The Insider enters the unknown to discover a secretive world of long lost street art…
BY ALEX WEBBER | PHOTOS BY ED WIGHT
As art initiatives go, it was wild and weird and crazier than most. An attempt to “reconcile the independence, spontaneity and anarchy of street art with the limitations enforced by an enclosed exhibition space,” the inception of Galeria Forty/Forty inside Fort Bema was inspired by a visit to Bangkok, during which the collective behind it was awestruck by a ‘street art exhibition’ inside “an empty space the size of a cathedral”.
“It was the first time we asked ourselves,” recalls one of the core organizers, Marcin Rutkiewicz, “what could be done to make ‘street art’ inside a gallery space remain ‘real’?” The answer, they concluded, was straight-forward – it could not, they deduced, be cut-off from the street.
“We realized that closing a door,” he continues, “was tantamount to the symbolic cutting-off of the ‘street’ attribute.” Thus Forty/Forty was born, a “gallery without doors, where anybody could enter at any time and do what they please.”
With the permission of the city’s conservator, as well as the blessing of numerous government figures, the abandoned Fort Bema was sanctioned for this use. From 2011 until 2015, approximately fifty street artists were invited to work on the walls either individually or by forming off-the-cuff alliances with others.
The only rule, was that there weren’t any rules. A showcase of varying styles, artists such as NeSpoon, Szum, Chazme and Maniac were invited to contribute, with their patchwork of techniques forming a rich tapestry for the sight: installations competed against sticker art, posters, stencil graffiti and murals. All the time, the open door policy saw these works supplemented by impromptu additions from other outside sources. It was visionary.
As it transpired, Fort Bema was the ideal backdrop. Completed in 1890 as part of an internal ring of Tsarist fortifications, advances in military hardware and tactics made it largely redundant within a couple of decades.
Plans to demolish it, however, were interrupted by the outbreak of WWI, and it was to later serve as a Nazi weapons depot, a POW camp for German soldiers and a wing of the Legia sports club. By the time the new millennium arrived, it was a derelict, empty shell used by vagrants and ravers. Galeria Forty/Forty offered its corridors and chambers a second lease of life.

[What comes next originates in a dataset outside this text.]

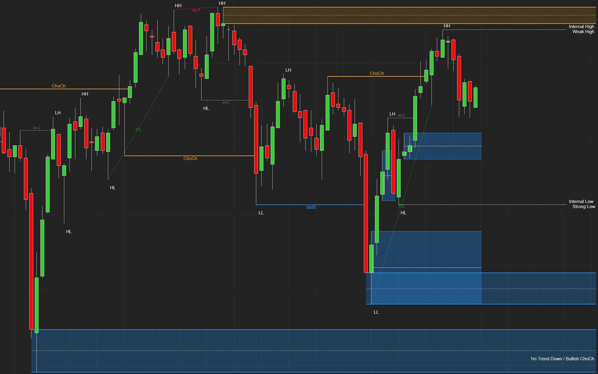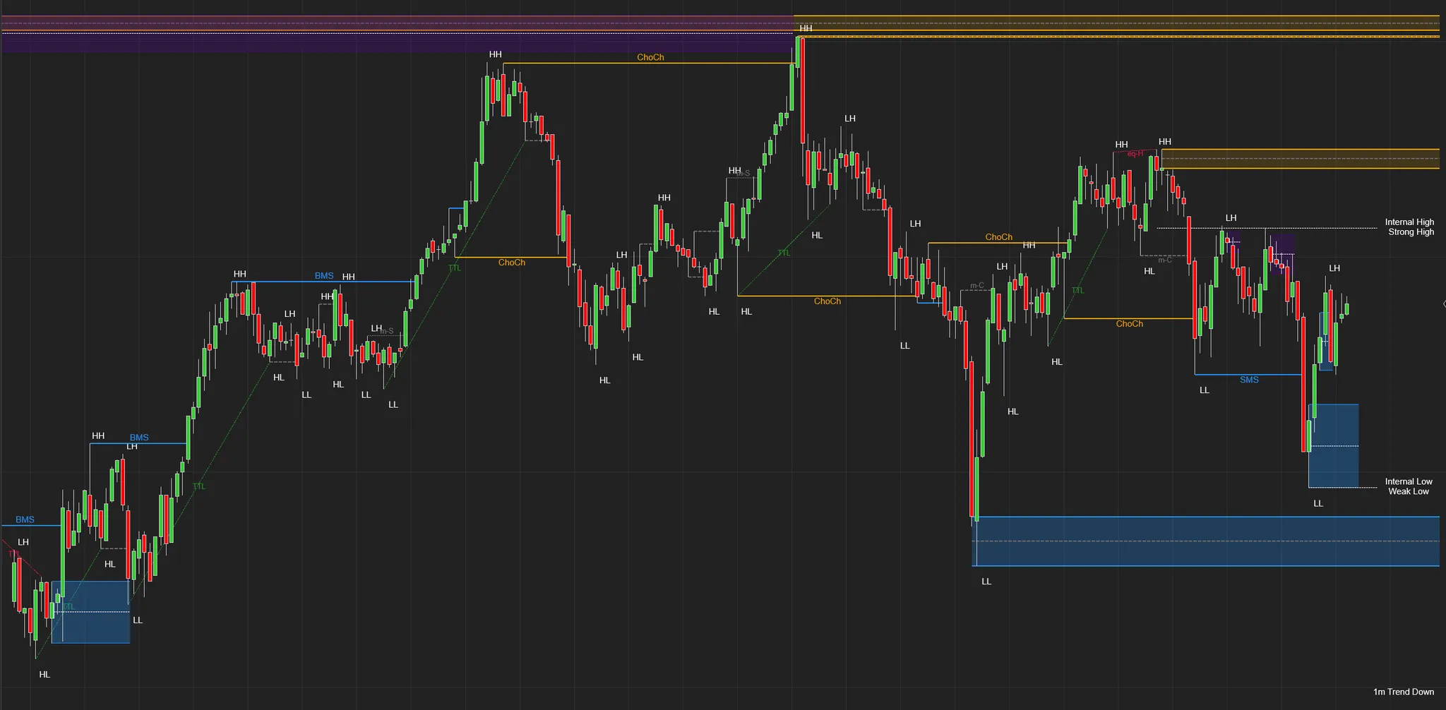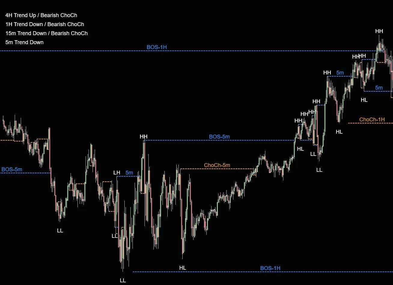要完成此操作,您需要进入指标设置并勾选使用 MTF 复选框。接下来,选择您想要显示的时间框架,这样就完成了。现在,指标将显示您选择的时间框架在图表上的市场结构。如果您想在一张图表上显示多个时间框架,只需将指标多次添加到图表中,并更改每个实例的 MTF 设置。例如,我可能在图表上放置 4 个市场结构指标,图表是 1 分钟 K 线图- 第 1 个指标设置为显示 MTF 1 天- 第 2 个指标设置为显示 MTF 240 分钟(4 小时)- 第 3 个指标设置为显示 MTF 15 分钟- 第 4 个指标不使用 MTF,它只显示当前图表时间框架的结构:

“It was transformed into a local tourist attraction,” writes Rutkiewicz in a pamphlet available online at 40bema.blogspot.com. “It became a destination for walks and cycling trips, a place of romantic dates, a background for amateur and professional photography sessions and a set for video clips. But first and foremost, the Forty/Forty Gallery was a place where viewers interested in street art could get to know the works of a major part of the Polish street art community.”
The project closed in 2015, but Bema remains open to this day with many of the works still somehow surviving amid the more recent defacements.
Reverting to its prior function as an ominous, dank labyrinth of pungent aromas, today visitors tread with trepidation among broken bottles and junky debris, past braindead squiggles and long emptied cans. In parts it feels lethal and in others just threatening, yet it remains a remarkable tribute to a Utopian ideal.